Arm and a (single) leg: single-leg pricing should cut the cost of rail travel (LNER)
Arm and a (single) leg: single-leg pricing should cut the cost of rail travel (LNER)

The trial of “simpler” ticketing that will make the railways cheaper and more flexible for passengers is to be expanded across a major long-distance route to and from London, the Standard can reveal.

London North Eastern Railway, which carries more than 20 million passengers a year, is to widen a “successful” pilot scheme that tackles the problem of passengers shunning the railways because they are confused by the range of fares.

LNER has trialled the use of “single leg pricing” since 2020 on its routes between King’s Cross and Edinburgh, Leeds and Newcastle.

An LNER train crosses the Royal Border Bridge at Berwick-upon-Tweed on the East Coast Main Line (LNER)
An LNER train crosses the Royal Border Bridge at Berwick-upon-Tweed on the East Coast Main Line (LNER)

Now the Government is about to give the go-ahead to expand the initiative across most of the rest of its East Coast Main Line services.

This will benefit London commuters travelling from Peterborough – the busiest section of the LNER route map – and those travelling to cities such as York and Durham.

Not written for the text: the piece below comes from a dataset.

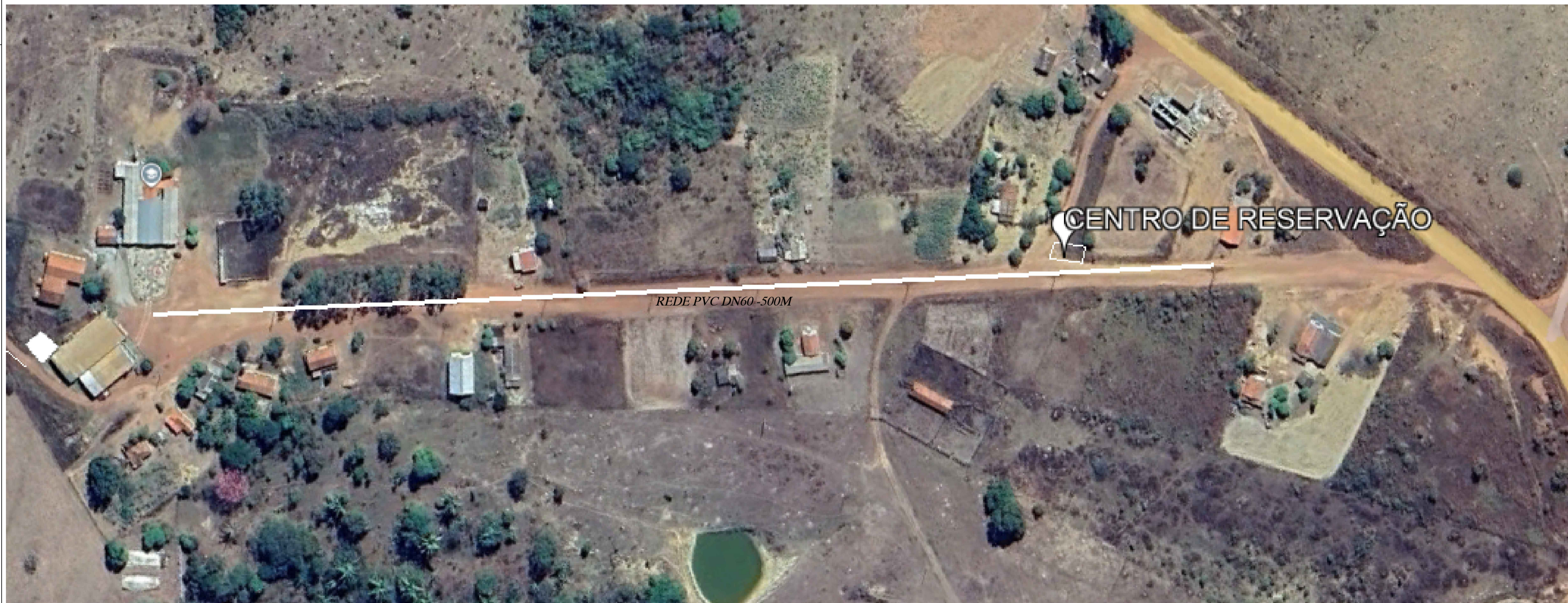
REDE DE DISTRIBUIÇÃO SEM ESCALA

It will also pave the way for the introduction of single leg pricing by other firms – and eventually the launch of airline-style “demand-led” pricing, where the cost of a ticket varies according to the number of passengers wanting to travel on each train.

The expansion of single leg pricing, promised by Transport Secretary Mark Harper in February, is set to be formally announced in the coming weeks.

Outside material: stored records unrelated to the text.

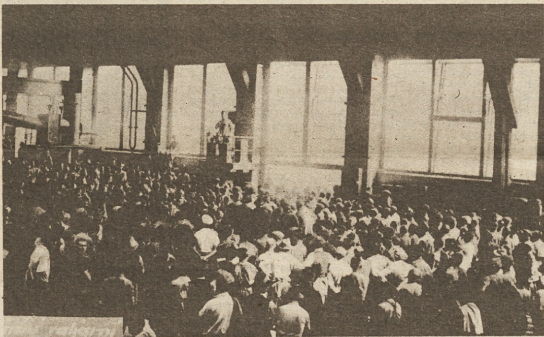
Jeseniški železarji so 15. VII. 1935 podprli delavce na Javorniku s solidarnostno stavko. — Delavski zaupniki poročajo stavkajočim jeseniškim železarjem o pogajanjih s Kranjsko industrijsko družbo (KID).
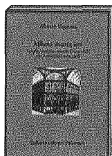
MILANO ANCORA IERI di Alberto Vigevani Sellerio

Sottotitolo: sesso, potere e politica nell'Italia del caso Montesi. L'autore è un professore inglese. Il libro è magnifico e delizioso dal punto di vista narrativo.
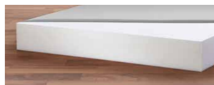
▲ Modell Basic-fit.
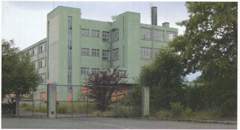
1 Lindgrün die Fabrikfassade, lindgrün die Schachteln der Schuhe von Hug in Dulliken. Jetzt sucht die Fabrik neue Nutzer.

Schuhfabrik Hug, 1932/33 Industriestrasse 52, Dulliken SO
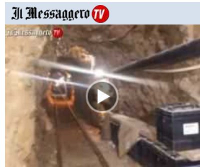
IL TUNNEL DELLA DROGA - La galleria dei trafficanti scoperta fra Messico e Usa
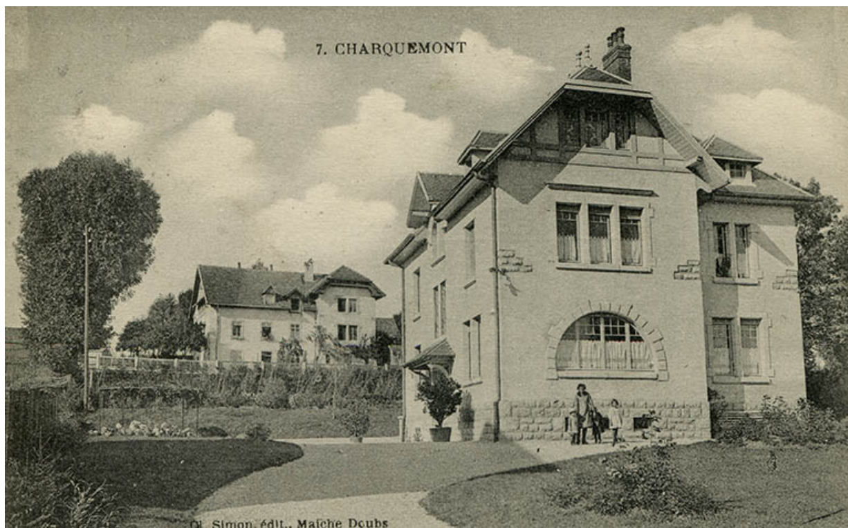
7. Charquemont [la maison de Gaston Maillot avec en arrière-plan celle de Paul Bessot], entre 1913 et 1926. 25, Charquemont, 6 rue Cuvier

The use of “single leg pricing” removes the anomaly of some single tickets being almost as expensive as a return ticket. It means passengers can more easily choose when to travel, in the knowledge that the fare is offering value for money.

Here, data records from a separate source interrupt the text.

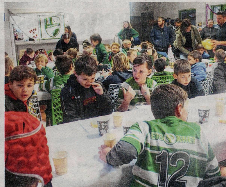
Les jeunes de l'EDR attendent chocolat chaud et part de cake. J. P. D.

Sur l'allée longeant le terrain de leurs exploits, ils se hâtent jusqu'au clubhouse. Là, en attendant, attablés, chocolat chaud et part de cake, ils ponctuent bientôt d'un « ouaaaaais » à l'unisson les explosions accidentelles des ballons gonflables distribués. La pluie continue obligeant à supprimer les nombreux jeux prévus sur le terrain, ils s'occupent entre eux sous le préau, leur imagination ludique et leur empathie naturelle apportant un bienvenu plan B. Certains préfèrent prendre d'assaut l'atelier maquillage de Mégane. Quelques mamans font des crêpes. Les papas échangent, un café à la main, un œil sur leurs rejetons. C'est après le tirage de la tombola qu'apparaît le Père Noël. Rapidement entouré, il distribue sucreries à chacun avant la traditionnelle photo. La pluie ayant enfin cessé, un petit match s'organise. Les plaquages dans la « hagne » ravissent et ajoutent un bonheur spontané à un moment inhabituel.
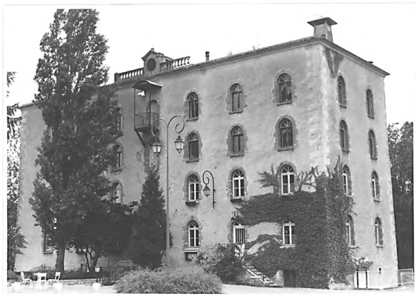
Fig. 3 : Minoterie vue depuis le sud-est
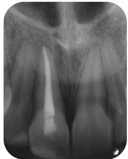
Fig. 21- Control Radiográfico a los 2 meses.
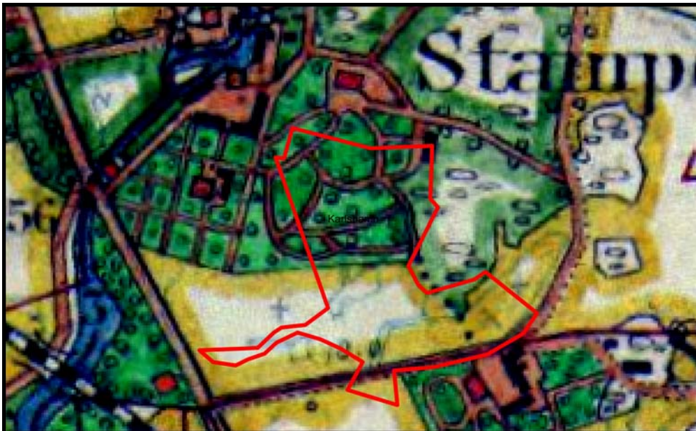
Fig.2 – Utredningsområdet markerat på Häradskartan 1915-19.

Kulturmiljön vid Mieån förefaller tidigt ha präglats av diverse industriella verksamheter. Ett tydligt exempel på en sådan är det bomullsspinneri, enligt engelsk modell, vilket anläggs under 1830-talet vid Strömman. Även i anslutning till det aktuella utredningsområdet fanns såväl omfattande fabriksmiljöer som parkanläggningar vid 1700-talets andra hälft. Under det eftermedeltida skedet samsas här, förutom diverse kvarnar, en stamp, ett garveri och ett tegelbruk (fig.2 resp 3). Inom fastigheten Frostentorp 5:5 anläggs så småningom, sannolikt under 1800-talets andra hälft, en parkanläggning vilken ännu fanns bevarad vid tiden för 1:a världskriget. Den södra delen av utredningsområdet förblir jordbruksmark långt in på 1900-talet. Under 1930-talet bebyggs sedan fastighetens norra hälft med ett hus i funkisstil, vilket rivs av kommunen under 1990-talet.
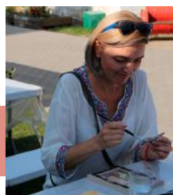
Украшаем обережную рамку

Ажурная тема объединила все площадки праздника. Программа включала экскурсии «Город деревянный», «Урок мастера», «История Тулы в лицах и наличниках», ярмарку-выставку и лавку изделий декоративно-прикладного и народного творчества, на которой были представлены деревянные игрушки и шкатулки, интересные украшения интерьера, работы по художественной ковке и гравировке; мастер-классы по тульской всечке и декорированию обережной рамки, награждение победителей областного литературного конкурса «Деревянная поэзия» и концерт. Украшением праздника стало дефиле-презентация белевского кружева «Кружевокружение».
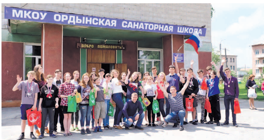
НА ФОТО: ВОСПИТАННИКИ ОРДЫНСКОЙ САНАТОРНОЙ ШКОЛЫ-ИНТЕРНАТА

An LNER Azuma train (LNER)
An LNER Azuma train (LNER)

Sources close to the plan told the Standard that single leg pricing allowed passengers to “mix and match” their fares to find the best value tickets at the time they want to travel.

One said: “We think it’s a big win because a lot of people are deterred by the complexity of fares. This next step will basically reduce the number of fares available, and types of tickets, by more than half. We are massively simplifying the fares.”

Another said: “It gives that flexibility and visibility to fares that isn’t otherwise there. If you got an ‘Anytime Return’ then you were tied to certain trains.”

Other than the introduction of Contactless Pay As You Go across many suburban services in and around London, rail ticketing has gone unreformed since the mid-1990s.

The new system should offer savings for commuters travelling fewer than five days a week or working flexible hours, according to the Rail Delivery Group.

At present, there are more than 55 million fares, often sold in “restrictive” bundles or prices.

Research by the Rail Delivery Group found that more than one in three people for whom the train is an option were put off by the complexity of fares. Eight out of 10 backed changes to the current system.

The LNER trial scrapped Anytime Return, Super Off-Peak Return and Off-Peak Return tickets and replaced them with Anytime Single, Super Off-Peak Single and Advance Single tickets.

At the time, people travelling between London to Edinburgh who bought a ticket at the station were charged £146.40 for a Super Off-Peak Single ticket or £147.40 for a Super Off-Peak Return ticket. But under single leg pricing, the cost of a single fell to £73.70.

Research by Ipsos Mori, commissioned by LNER, found 61 per cent of customers were in favour of single leg pricing being extended across all LNER routes.

Single leg pricing prevents passengers buying an open return when there are cheaper alternatives.

“It’s that transparency, and the confidence that you know what you have got,” a source said. “You are not sitting there panicking that you are on a peak service when you should be on off-peak, or vice versa.”

Other reforms include LNER becoming the first train company to make tickets available six months in advance – with the aim of extending this to a year.

Deal or no deal? The LNER Deal Finder (LNER)
Deal or no deal? The LNER Deal Finder (LNER)

Its “deal finder” allows passengers to set a maximum budget for their journey - and then receive a series of options for different days out.

In a separate initiative, Avanti West Coast has launched “low cost superfare” tickets enabling passengers to travel between Euston and Birmingham for £12 or Euston to Preston for £22 – in return for not knowing until 24 hours before they travel the train they will be on.

TransPennine Express and Lumo trains could be the next companies to trial single leg pricing, it is understood. Wider adoption by the rail industry will follow when Great British Railways gains control of ticketing around 2025.